Ходишь, зовешь — ты рот и пара глаз, а больше ни на что не годен. Вокруг вздымаются воды Леты, и вскоре Андерсон позабудет всё, даже имена потерянных.
Глава тридцатая
Пол вбежал в дом. И все равно слышал крики и плач мальца.
Пол вылетел в заднюю дверь, ринулся через двор, вынырнул через дыру в заборе, со всех ног понесся полем в лес. Старый колодец обогнул, дал большого крюка, словно кости могут выпрыгнуть со дна и отдубасить его по морде, во какое шизовое кино крутилось у него в башке, да только это не в башке и не кино. Пол мчался через лес, и ноги подкашивались, разъезжались на сосновой хвое, но уносили его все дальше, вперед, будто можно раз и навсегда обогнать 14 июня, хотя ясно же, что Полу никуда не деться, с ним навсегда останется все это — этот малец, что стоит во дворе и долдонит:
— Почему ты меня поранил, Поли?
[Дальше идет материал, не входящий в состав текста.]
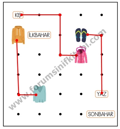 Soru : Aşağıdaki bulmacada bazı kıyafetler ve mevsim adları verilmiştir. Bu kıyafetleri, giyildikleri mevsimle noktaları birleştirerek eşleştiriniz.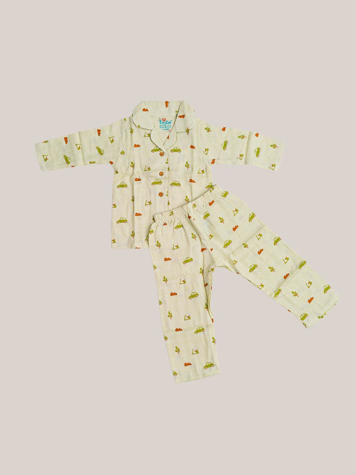 FIRSTIN Aloe Wash Vespa Printed Muslin Night Suit Set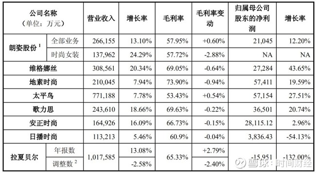时间财经查阅拉夏贝尔对上交所问询函的回复发现,除拉夏贝尔外,其余几家服装企业在2018年营收均出现不同程度的增长;归母净利润方面,拉夏贝尔更是唯一亏损企业。就此而言,公司2018年堪称“逆势亏损”。

Почему ты меня поранил, Поли? Почему ты так?
И сердце Пола в ответ долдонило:
Глава тридцать первая
Он сидел на краю ее постели. Его гладкая сияющая кожа. Его радиоактивная улыбка.
Дениз открыла глаза.
Наступили сумерки. В комнате никого. Томми нет. Его голос ей приснился.
Слово еще гудело в ушах.
В комнате темно. Поодаль голоса, точки света снуют по полям.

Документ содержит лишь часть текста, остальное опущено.